Reputation: 463
I have an excel sheet with 2 columns. Column 1 is name, and Column 2 is age. I want to create a dictionary where name is key and age is value. Here is the code, but it is creating a dictionary incorrectly.
keyValues = [x.value for x in worksheet.col(0)]
data = dict((x, []) for x in keyValues)
while curr_row < num_rows:
curr_row += 1
for row_index in range(1, worksheet.nrows): data[keyValues[row_index]].append(worksheet.cell_value(curr_row, 1))
I want to have a dictionary like below coming from 2 columns of excel sheet.
{'Ann': 12, 'Maria': 3, 'Robin': 4, 'NameN':N}
Upvotes: 5
Views: 19176
Reputation: 708
That's quite simple with pandas:
import pandas as pd
my_dic = pd.read_excel('names.xlsx', index_col=0).to_dict()
my_dic is now:
{'Robin': 4, 'Maria': 3, 'Ann': 12}
index_col=0
if 'name' is in the first column of your excel file
Upvotes: 7
Reputation: 5236
If your columns don't contain any data other than the names and ages and you're pretty confident about the data quality (no non-numeric data where ages should be, etc.) then you could go about it something like this:
names = (name.value for name in worksheet.col(0))

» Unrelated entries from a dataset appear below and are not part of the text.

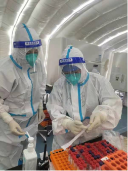 “我对战胜疫情最大的信心是来源于我的队员们。核酸检测工作24小时通宵达旦,三级防护,一个动作重复上千次,埋头苦干,半小时不到,队员们防护服内的衣服都会湿透。轻伤不下火线,有些队员身体不适也依然坚守在岗位。看到他们不畏艰辛、挑灯夜战的身影,让我更加坚定了必胜的信念”,张艳芬说。
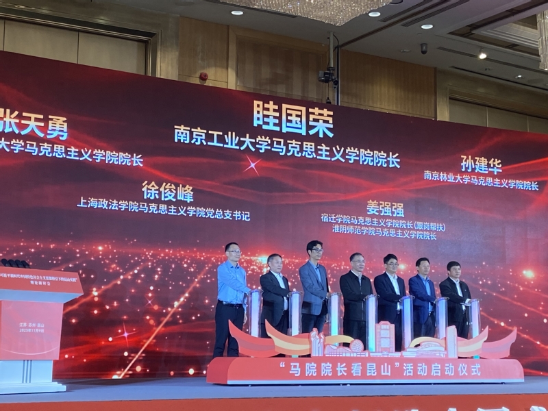 2023年11月9日,中共昆山市委员会、新华报业传媒集团主办,中共昆山市委宣传部、新华日报社苏州分社、新华日报社新华传媒智库承办“习近平新时代中国特色社会主义思想指引下的昆山实践”理论研讨会暨“江苏省习近平新时代中国特色社会主义思想研究中心昆山市实践调研基地”揭牌仪式顺利召开。马克思主义学院党总支书记徐俊峰教授、习近平新时代中国特色社会主义思想概论教研室主任时伟副教授应邀参加本次会议。
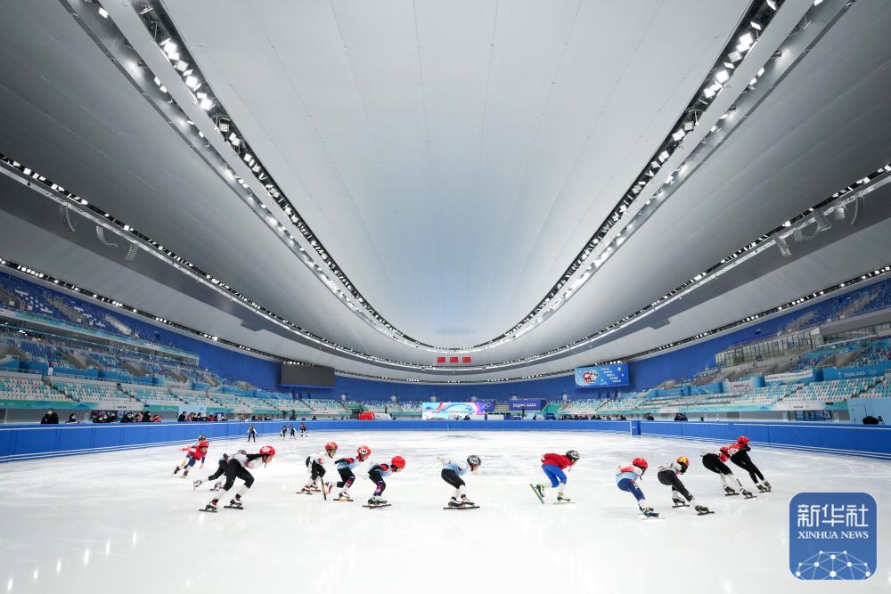↑ 2023年1月6日,小朋友们在国家速滑馆进行短道速滑训练展示。新华社记者 鞠焕宗摄
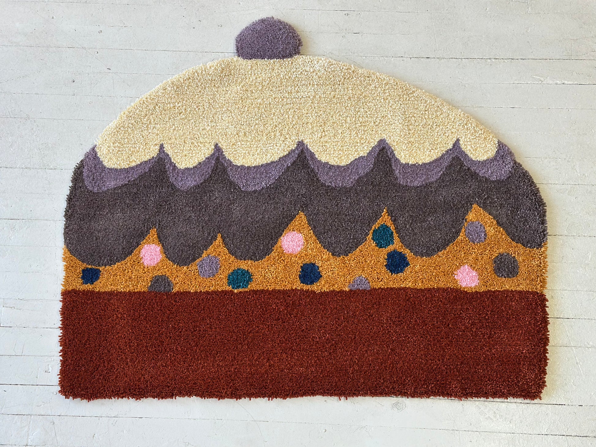 This one-of-a-kind, hand-tufted rug makes an adorable addition to a child's room. An interesting palette of playful colors on dots and scallops are a joy in this cute cake design. A sweet surprise to wake up to every day! The orange, dark purple, light purple, cream, gold, blue, teal and pink yarns are 94% wool, 6% cotton. The cut pile is 5/8" and feels luxurious under bare feet! The Surprisecake rug is an irregular cake shape that measures 42" x 37" and weighs 8.8 pounds. It is backed with a synthetic latex and handsewn soft upholstery fabric. My rugs are not sheared; I prefer the more natural texture of the tufted yarns. Free shipping is offered within the United States. Thank you for supporting my dream design job! Liz
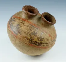 Nicely painted 5 1/2" Wide x 4 1/2" Tall Dual Spout painted Pottery Vessel from Panama. |
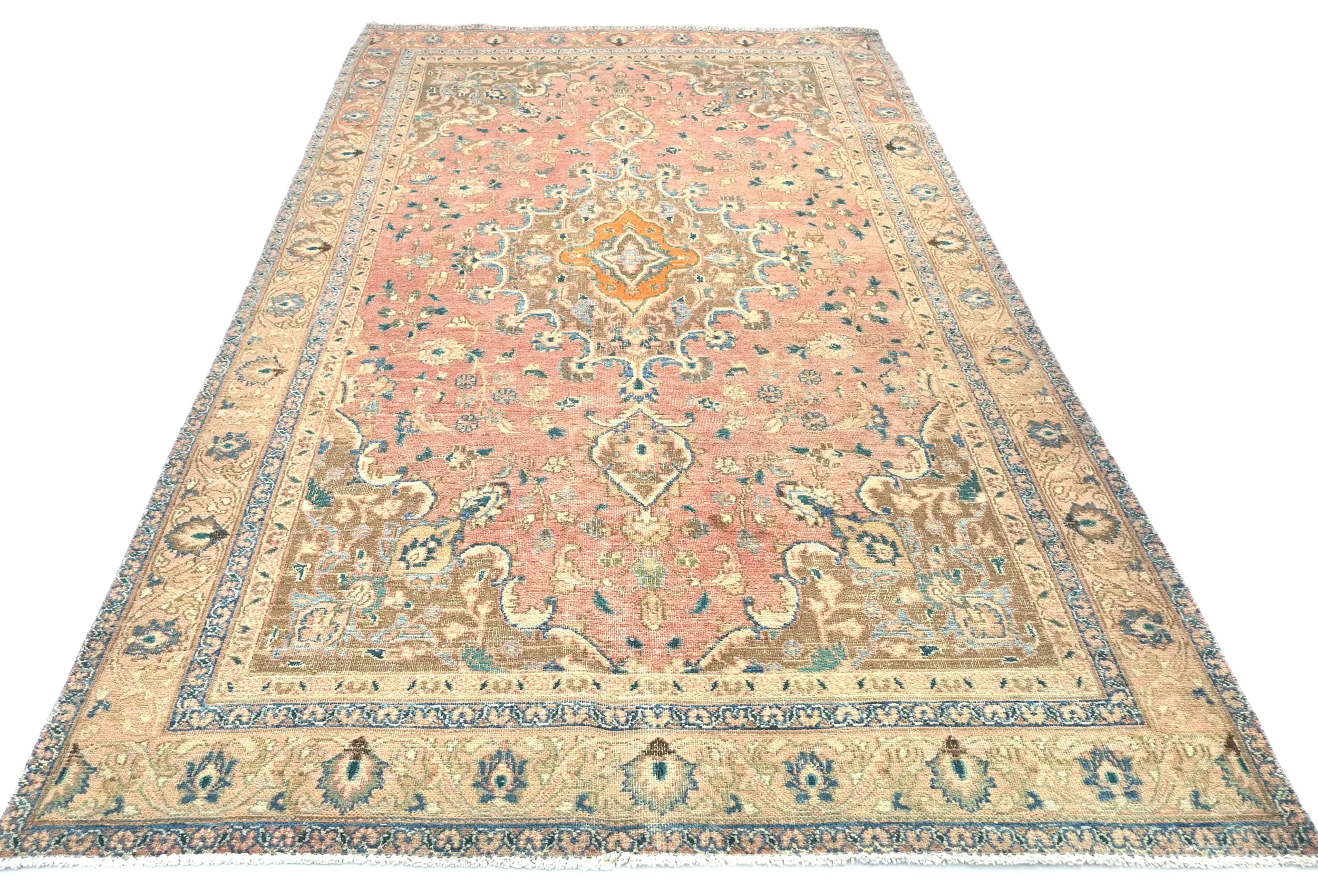 - Hand-knotted antique rug from Vintage Oriental weaving tradition

ages = (int(age.value) for age in worksheet.col(1))
data = dict(zip(names, ages))
If you want to guarantee order, you could use a collections.OrderedDict
object for data
instead of a vanilla dictionary.
If you need to handle bad data (i.e. someone entered a string instead of an integer age in the sheet), you may have to come up with custom implementations of the names
and ages
generator objects (the ones above assume smooth sailing).